Work instructions:
Below are entries with pictures in them. Output exactly the lines starting at the line with "Skamielina Szkielet Dinozaura" and ending at the line with "15 Oct 2025", both included, but not the pictures.

Provided records:

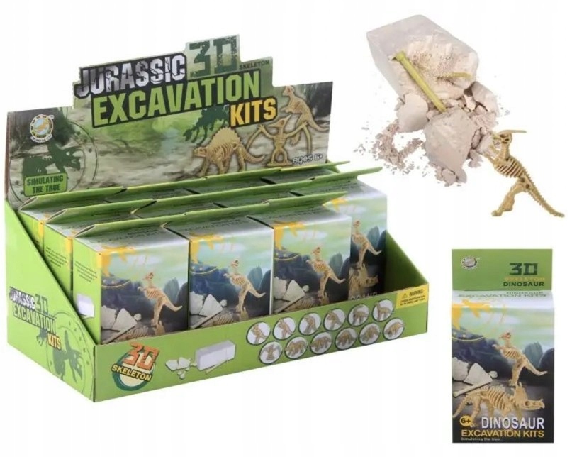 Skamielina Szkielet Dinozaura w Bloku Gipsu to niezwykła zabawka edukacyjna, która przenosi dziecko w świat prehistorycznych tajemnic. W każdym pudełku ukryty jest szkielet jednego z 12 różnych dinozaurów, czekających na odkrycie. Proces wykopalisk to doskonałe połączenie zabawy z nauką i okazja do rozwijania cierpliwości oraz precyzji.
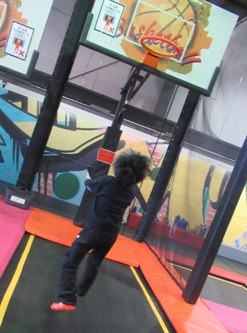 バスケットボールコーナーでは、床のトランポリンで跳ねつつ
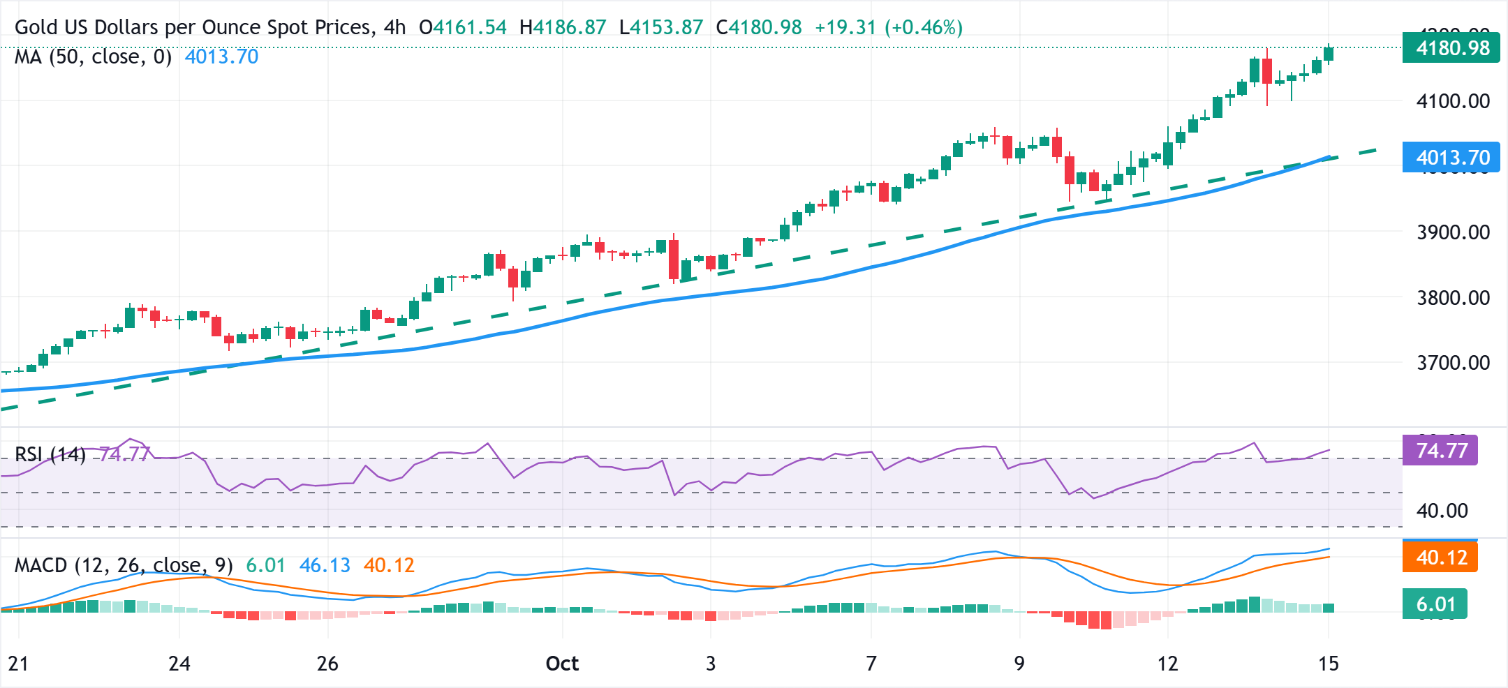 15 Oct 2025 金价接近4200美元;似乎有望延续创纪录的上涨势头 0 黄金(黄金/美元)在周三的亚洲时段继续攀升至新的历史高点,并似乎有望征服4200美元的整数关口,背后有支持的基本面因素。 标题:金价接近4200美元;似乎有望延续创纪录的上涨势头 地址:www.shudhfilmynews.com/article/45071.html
...
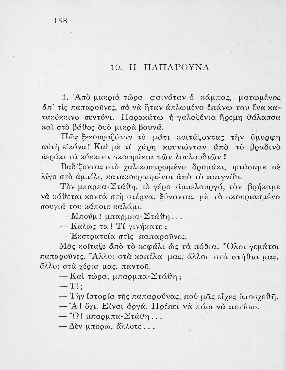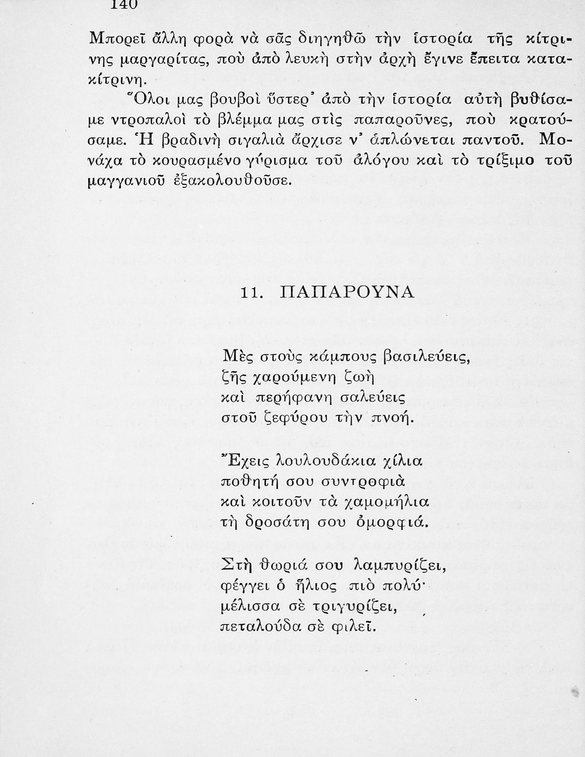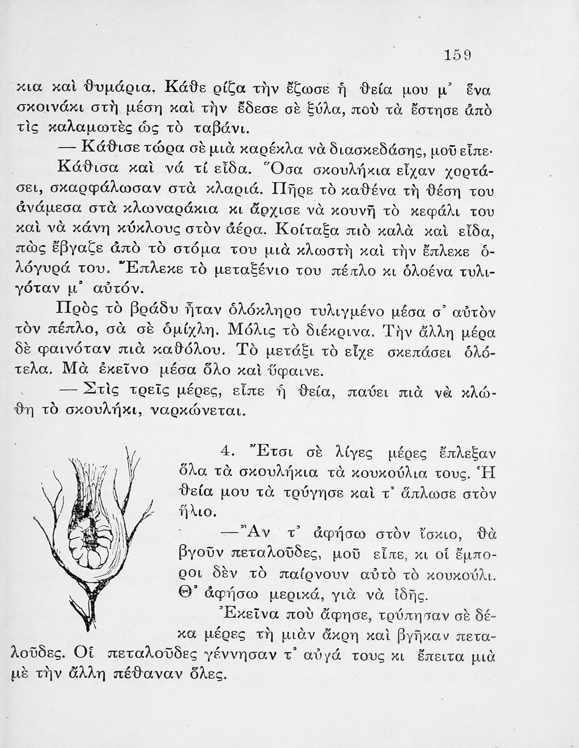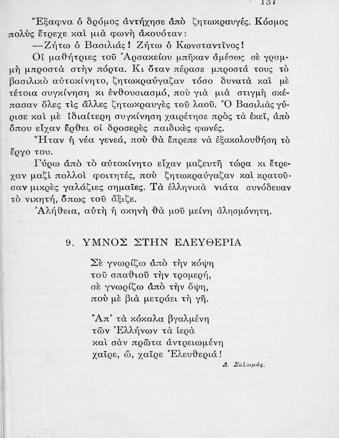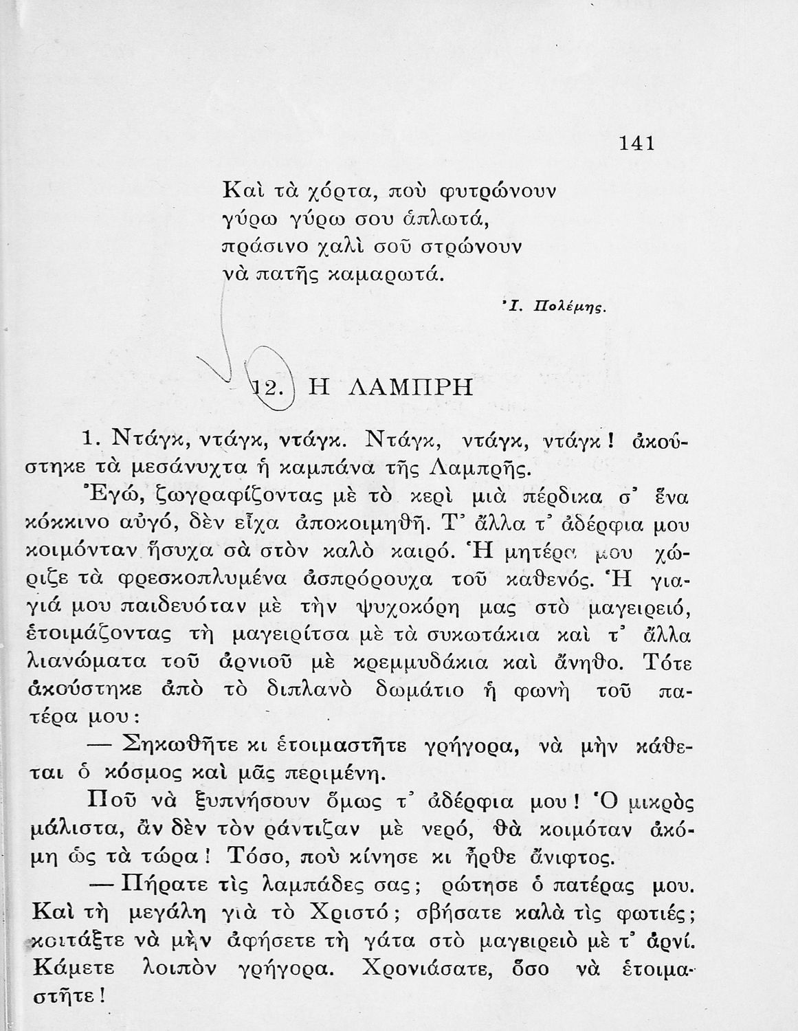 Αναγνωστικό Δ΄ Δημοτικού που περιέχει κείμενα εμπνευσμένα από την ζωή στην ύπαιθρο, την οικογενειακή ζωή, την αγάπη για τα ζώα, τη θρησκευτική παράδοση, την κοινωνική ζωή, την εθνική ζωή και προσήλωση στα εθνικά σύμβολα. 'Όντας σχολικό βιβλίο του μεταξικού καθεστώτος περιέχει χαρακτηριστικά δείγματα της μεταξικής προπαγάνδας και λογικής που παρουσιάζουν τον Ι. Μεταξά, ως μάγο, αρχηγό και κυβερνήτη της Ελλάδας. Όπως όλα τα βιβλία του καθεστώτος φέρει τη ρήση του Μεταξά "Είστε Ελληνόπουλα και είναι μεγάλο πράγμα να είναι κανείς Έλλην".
---
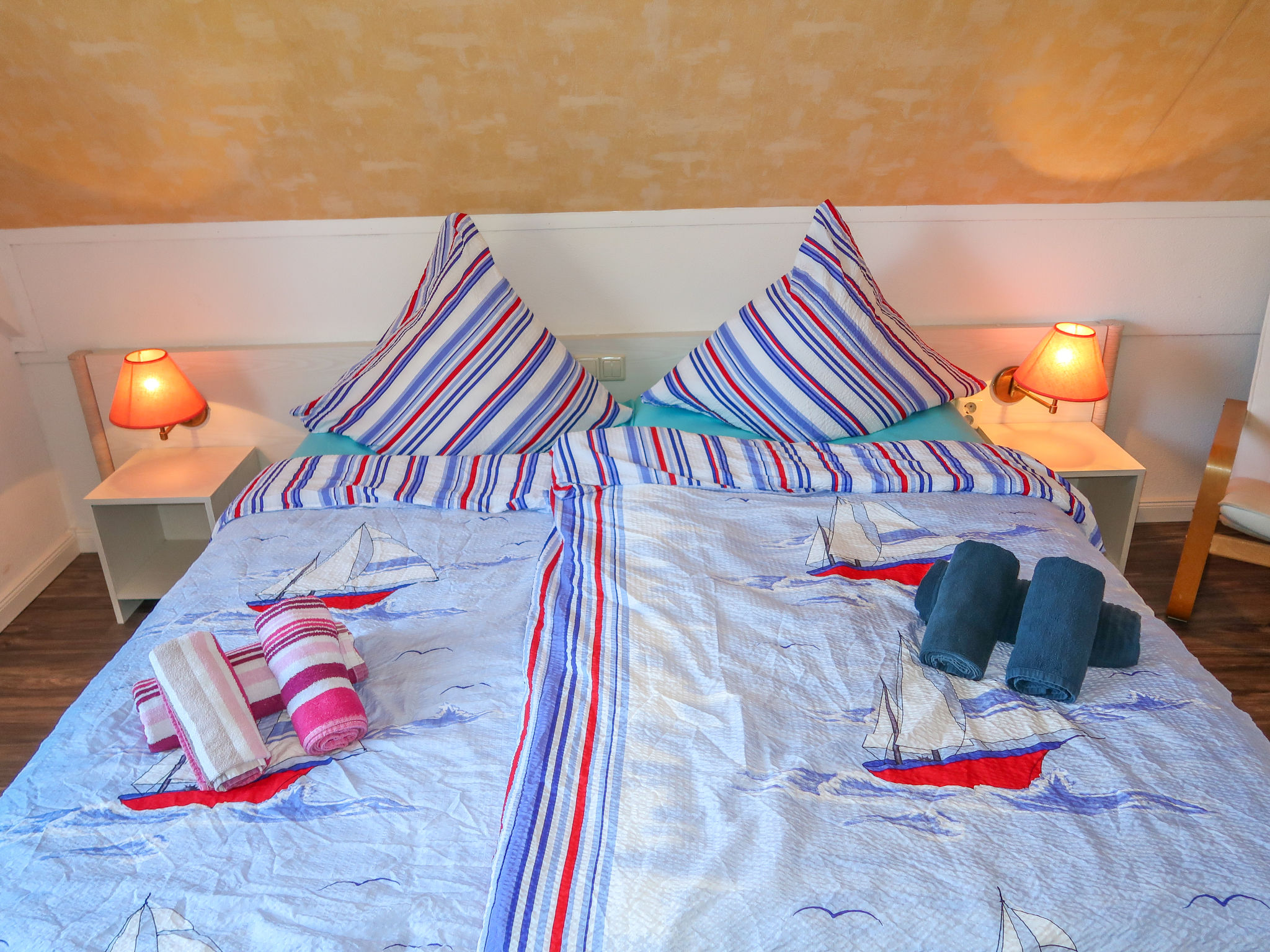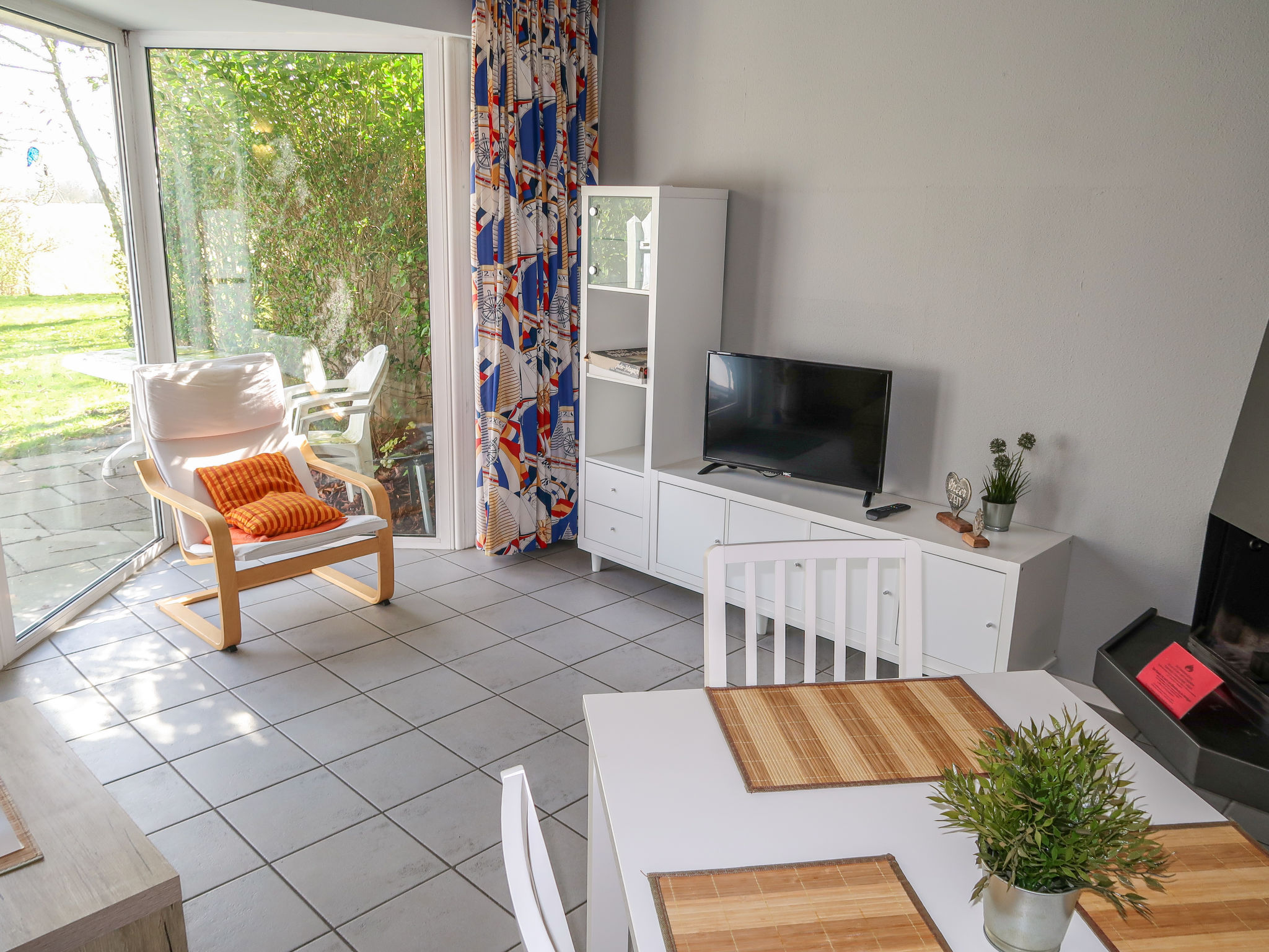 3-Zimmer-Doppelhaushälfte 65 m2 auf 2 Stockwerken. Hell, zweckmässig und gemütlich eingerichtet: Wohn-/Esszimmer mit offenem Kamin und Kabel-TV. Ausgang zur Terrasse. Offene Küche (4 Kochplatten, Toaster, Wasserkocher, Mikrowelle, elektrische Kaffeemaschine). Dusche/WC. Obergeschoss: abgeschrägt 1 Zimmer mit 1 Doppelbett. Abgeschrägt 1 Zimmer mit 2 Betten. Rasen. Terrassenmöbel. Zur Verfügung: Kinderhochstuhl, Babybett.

Written answer:
 Skamielina Szkielet Dinozaura w Bloku Gipsu to niezwykła zabawka edukacyjna, która przenosi dziecko w świat prehistorycznych tajemnic. W każdym pudełku ukryty jest szkielet jednego z 12 różnych dinozaurów, czekających na odkrycie. Proces wykopalisk to doskonałe połączenie zabawy z nauką i okazja do rozwijania cierpliwości oraz precyzji.
 バスケットボールコーナーでは、床のトランポリンで跳ねつつ
 15 Oct 2025 金价接近4200美元;似乎有望延续创纪录的上涨势头 0 黄金(黄金/美元)在周三的亚洲时段继续攀升至新的历史高点,并似乎有望征服4200美元的整数关口,背后有支持的基本面因素。 标题:金价接近4200美元;似乎有望延续创纪录的上涨势头 地址:www.shudhfilmynews.com/article/45071.html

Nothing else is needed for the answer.